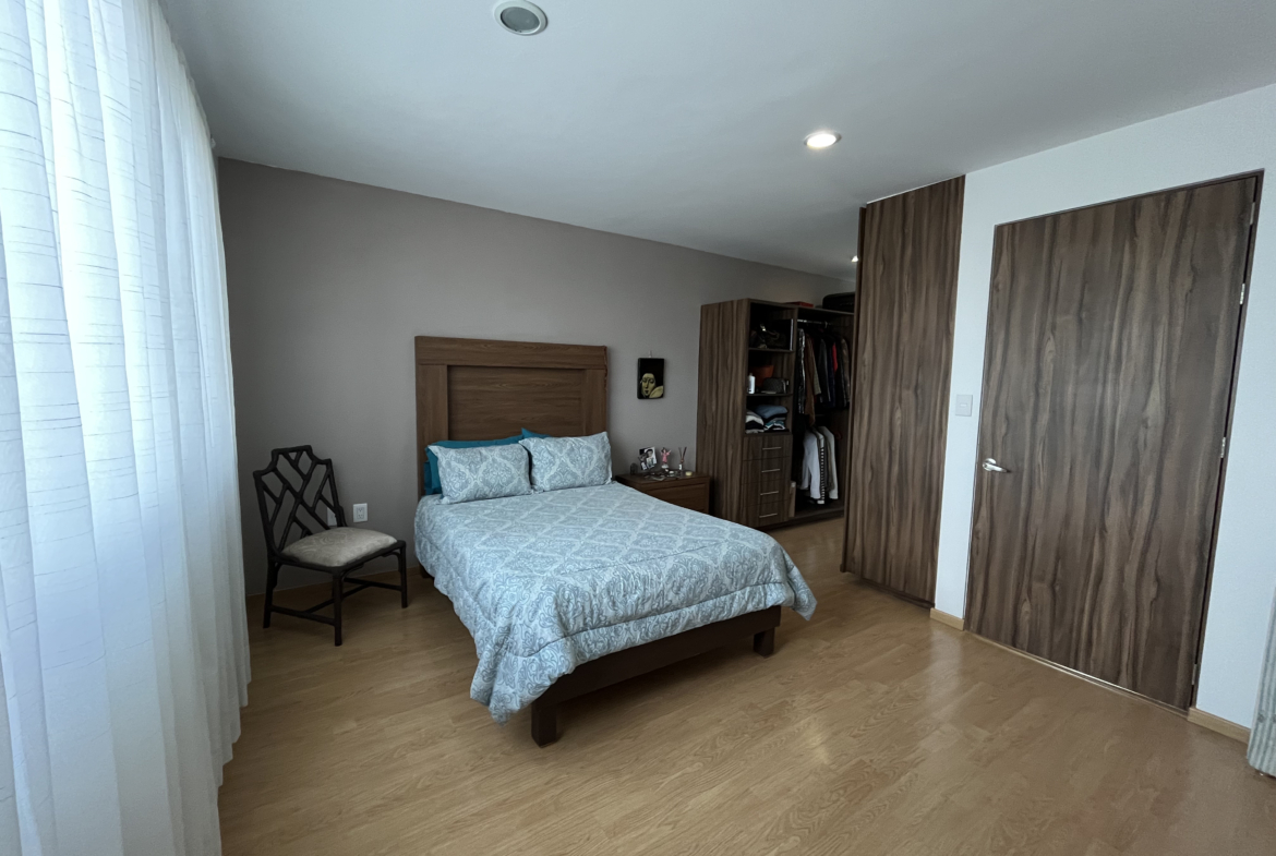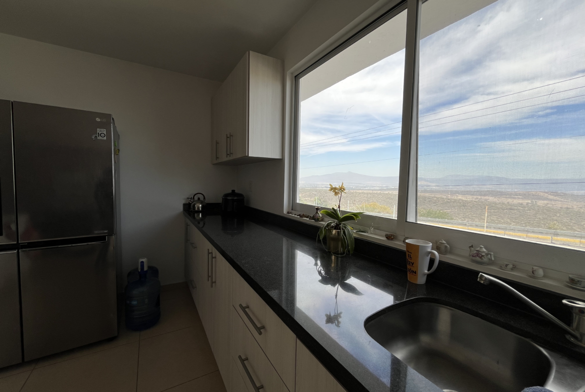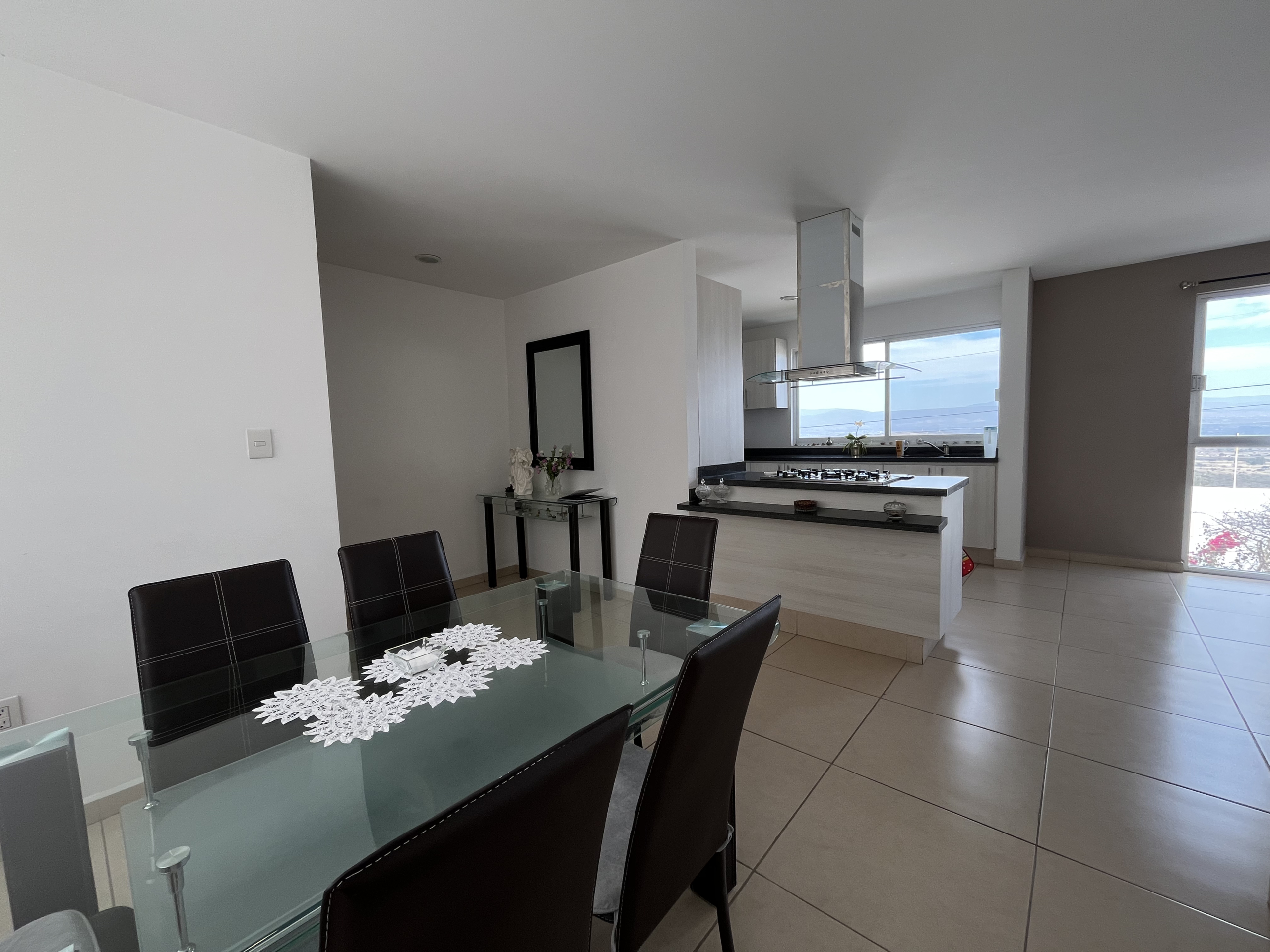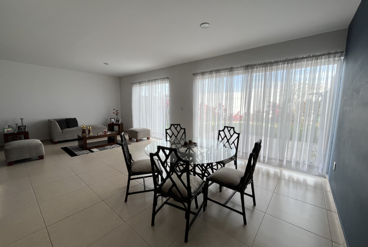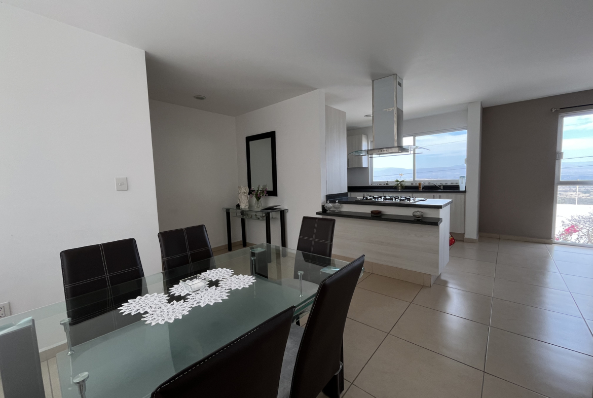 Casa de tres niveles con excelente iluminación, distribución funcional y un jardín trasero de más de 80 m². Ubicada a un costado de la Universidad Anáhuac, esta propiedad destaca por sus vistas abiertas al Valle de Chichimequillas, su amplitud interior y la privacidad que ofrece en cada área. Ideal para familias que buscan comodidad, buena ubicación y un entorno residencial seguro.
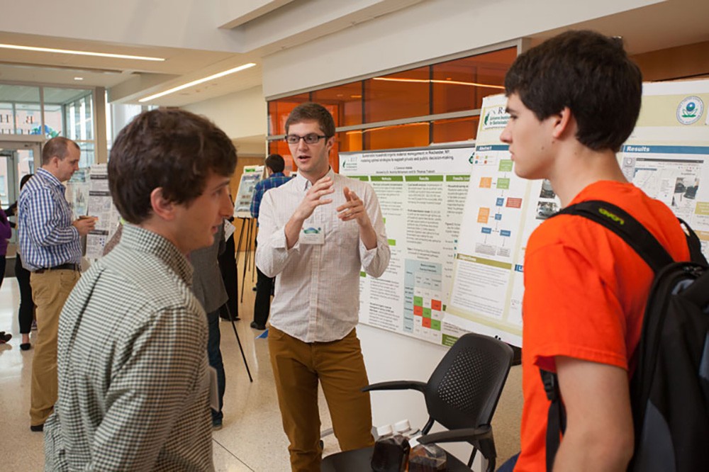 Three student teams from RIT were among 13 teams from nine colleges competing in the third annual NYSP2I Research and Development Student Competition. The New York State Pollution Prevention Institute challenged teams of full-time students enrolled at any institute of higher education in New York state to identify a specific activity at their university or in their community with a large environmental footprint. Teams were then required to design innovative solutions to reduce the issue’s impact. The teams presented their ideas at the Golisano Institute for Sustainability on April 22 as part of an Earth Day celebration.
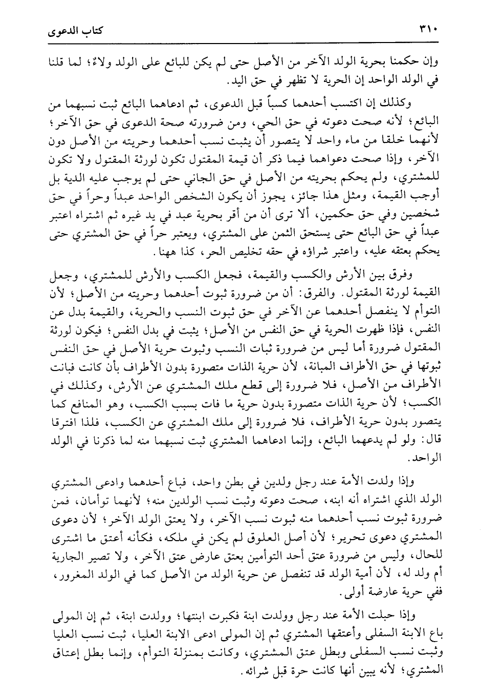 وإذا ولدت الأمة عند رجل ولدين في بطن واحد، فباع أحدهما وادعى المشتري الولد الذي اشتراه أنه ابنه، صحت دعوته وثبت نسب الولدين منه؛ لأنهما توأمان، فمن ضرورة ثبوت نسب أحدهما منه ثبوت نسب الآخر، ولا يعتق الولد الآخر؛ لأن دعوى المشتري دعوى تحرير؛ لأن أصل العلوق لم يكن في ملكه، فكأنه أعتق ما اشترى للحال، وليس من ضرورة عتق أحد التوأمين بعتق عارض عتق الآخر، ولا تصير الجارية أم ولد له، لأن أمية الولد قد تنفصل عن حرية الولد من الأصل كما في الولد المغرور، ففي حرية عارضة أولى.
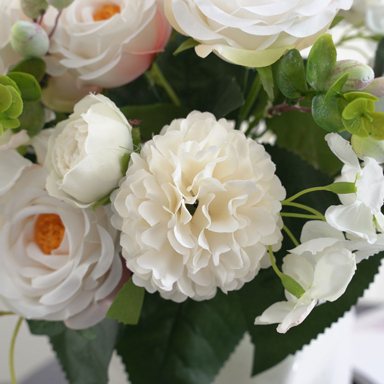 2. Подходящий Размер: длина около 32,5 см с 3 розами + 2 хризантемами + 2 цветочными бутонами + 6 ягод + несколько листьев растений для воды, подходит для большинства ВАЗ, это проще для вас, чтобы украсить и использовать в нашей повседневной жизни.
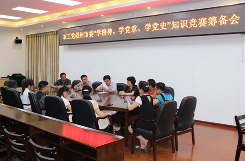 2015年5月4日下午,农工党梧州市委会召开专题工作会议,筹备“学精神、学党章、学党史”活动。为切实发挥基层成员的主体作用,会议召集部分党员骨干,对活动开展的内容和要求、方式和方法、阶段和步骤进行了充分的意见征询,并成立农工党梧州市委“三学”活动领导小组及相应工作机构。
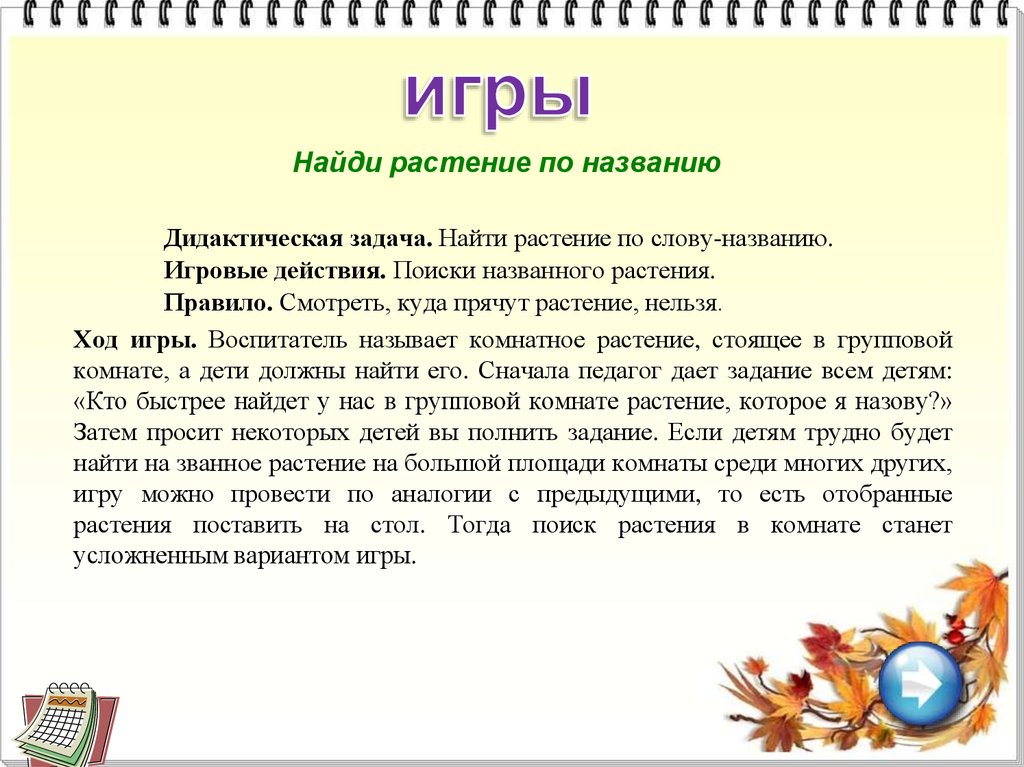 игры и упражнения о закономерных изменениях природы осенью, о сезонных
★ ★ ★ ★
Your goal: Ignoring the pictures, write out word for word only the lines from the one containing "2. Подходящий Размер: длина" through the last line of the data, both ends included.

Result of the task:
 2. Подходящий Размер: длина около 32,5 см с 3 розами + 2 хризантемами + 2 цветочными бутонами + 6 ягод + несколько листьев растений для воды, подходит для большинства ВАЗ, это проще для вас, чтобы украсить и использовать в нашей повседневной жизни.
 2015年5月4日下午,农工党梧州市委会召开专题工作会议,筹备“学精神、学党章、学党史”活动。为切实发挥基层成员的主体作用,会议召集部分党员骨干,对活动开展的内容和要求、方式和方法、阶段和步骤进行了充分的意见征询,并成立农工党梧州市委“三学”活动领导小组及相应工作机构。
 игры и упражнения о закономерных изменениях природы осенью, о сезонных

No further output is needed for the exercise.